This invention relates to the manufacture of internally grooved tubes and, more particularly, to an improved method of cold drawing tubes for forming continuous shallow grooves, narrowly spaced apart in either an axial or spiral orientation, on the inside surface of the tubes, and an apparatus therefor.
Known methods have been utilized to place grooves on the internal surfaces of tubes for different purposes. Such methods include machining, broaching, informing, extruding and drawing techniques.
Various grooving techniques are described in patent disclosures.
Hackett (U.S. Pat. No. 2,392,797), for example, discloses a technique for imparting rifling, fluting, ridging or the like to an internal tubular surface, particularly for a gun barrel or liner, through the use of a die and a mandrel arrangement including a mandrel having a surface configuration which is converse to that to be imparted to the tube. The die compresses the tube onto the mandrel, by relative axial movement of the tube and the die, as the tube moves through the die.
In Harvey, et al (U.S. Pat. No. 2,852,835), an apparatus is disclosed wherein metallic tubing is drawn through an annular formed by a stationary die and a cooperating rotatable rifling mandrel for simultaneously sizing the tubing and forming spiral projections on the interior surface of the tubing. The die includes a tapered frusto-conical lead-in portion followed by a cylindrical portion which gradually reduces the outside diameter of the tube to the desired final outside diameter. The initial contact of the internal surface of the tube on a portion of the rifling mandrel and the contact of the outer surface of the tube with the tapered lead-in portion of die occur concurrently. Hence, the spaced portions of the inside surface of the tube are radially forced into the grooves of the rifling mandrel simultaneously with a portion of the outer surface diameter reduction. No specific type of groove geometry is disclosed although the patent indicates that the technique is useful for the production of rifled aluminum barrels and the like.

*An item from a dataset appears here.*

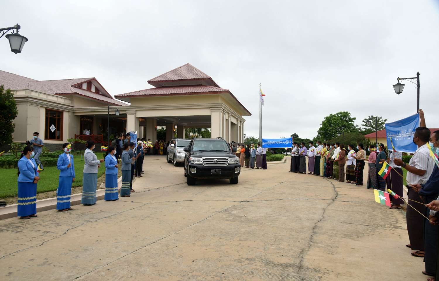 “ဝ” ပြည် သွေးစည်းညီညွတ်ရေးပါတီ ဒုတိယဥက္ကဋ္ဌ၊ ဆွေးနွေးရေးအဖွဲ့ခေါင်းဆောင်ဦးဆောင်သည့် ငြိမ်းချမ်းရေးကိုယ်စားလှယ်အဖွဲ့အား အမျိုးသားစည်းလုံးညီညွတ်ရေးနှင့် ငြိမ်းချမ်းရေးဖော်ဆောင်မှုညှိနှိုင်းရေးကော်မတီအဖွဲ့ဝင်နှင့်တာဝန်ရှိသူများ၊သာသနာရေးနှင့်ယဉ်ကျေးမှုဝန်ကြီးဌာန၊ အနုပညာဦးစီးဌာနမှတိုင်းရင်းသားတိုင်းရင်းသူများ၊ ဌာနဆိုင်ရာဝန်ထမ်းများ၊ ငြိမ်းချမ်းရေးကိုလိုလားသည့် ဒေသခံပြည်သူများက ထာဝရငြိမ်းချမ်းရေးရရှိရေးသည် ပြည်သူတစ်ရပ်လုံး၏ ဆန္ဒအစစ်အမှန်ဖြစ်သည်၊ ငြိမ်းချမ်းရေးရရှိရေးသည် နိုင်ငံသား အားလုံး၏ဆန္ဒအမှန်ဖြစ်သည်၊ ပြည်ထောင်စုကြီးငြိမ်းချမ်းဖို့ တွေ့ဆုံဆွေးနွေးကြပါစို့၊ တိုင်းရင်းသားတွေစည်းလုံးမှ ငြိမ်းချမ်းတည်ငြိမ်အေးချမ်းရ စသည့် စာသားပါဆိုင်းဘုတ်များနှင့် နိုင်ငံတော်အလံငယ်များကိုကိုင်ဆောင်၍ နေပြည်တော်ရှိ Horizon Lake View Resort ၌ ပို့ဆောင်နှုတ်ဆက်ကြသည်။

Drawing techniques similar to that of Harvey, et al (U.S. Pat. No. 2,852,835) are shown by Nakamura, et al (U.S. Pat. No. 3,830,087), Koch, et al (U.S. Pat. Nos. 3,289,451 and 3,088,494), Hill (U.S. Pat. No. 3,292,408), House (U.S. Pat. No. 3,487,673), Sirois (U.S. Pat. No. 3,744,290), Stump (U.S. Pat. No. 4,161,112), and Tatsumi (U.S. Pat. No. 4,373,366). Grover, (U.S. Pat. No. 3,865,184) and Runyan, et al (U.S. Pat. No. 3,753,364), for example, both teach a horizontally disposed heat pipe as well as a method and apparatus for fabricating the heat pipe. Grover (U.S. Pat. No. 3,865,184) is primarily directed towards the actual heat pipe apparatus itself, describing, in detail, the very particular structure desired. Runyan, et al (U.S. Pat. No. 3,753,364) is primarily directed to a method and apparatus for producing capillary grooves on the inside tube surface of the heat pipe. The disclosed method and apparatus provide a means for fabricating a spiraled capillary groove by cutting the metal from the wall of the tube and raising and folding the cut metal over to provide a groove having a narrow opening for maximum capillary action. The cutting tool has a curved planar edge formed by the intersection of a planar surface and a cylindrical surface. The grooves produced thereby may have dimensions of a peak to trough depth on the order to 0.014 inches (0.3556 mm) and a spacing on the order of 0.007 inches (0.1778 mm) with the opening of the grooves narrower than the width of the grooves to provide optimum capillary action. The use of separate annular grooves of the same geometry is also disclosed. The method of placing the grooves in this inner tube wall surface is one of cutting with a cutting tool, and not a cold-drawing process.
When the metal for the inner surface of a tube shell is forced radially into grooves of a mandrel, there is a tendency for the metal to elongate along the longitudinal direction of the groove rather than radially filling the groove. This problem is exasperated as groove depth increases, as spacing between the grooves decreases, as drawing speed increases and, as well, in the case of hard metal workpieces.
In practice, no cold drawing method is known to the inventor which has been succesfully demonstrated as capable of making continuous shallow grooves in a hard metal such as steel, for example, continuous grooves having a depth of 0.020 inches (0.508 mm) with 0.040 inches (1.016 mm) between the grooves. More particularly, no cold drawing method is known to the inventor which is capable of rapidly making, in hard material, shallow continuous grooves that exhibit a uniform spiral along the length of the tube. Such grooves have particular application to heat pipes which use capillary grooves to transfer condensate from a condenser to an evaporator as the tubes exhibit increased heat transfer due to the extended surface and, accordingly, would be optimum "wicks" when used in thermosyphon-type heat pipe applications.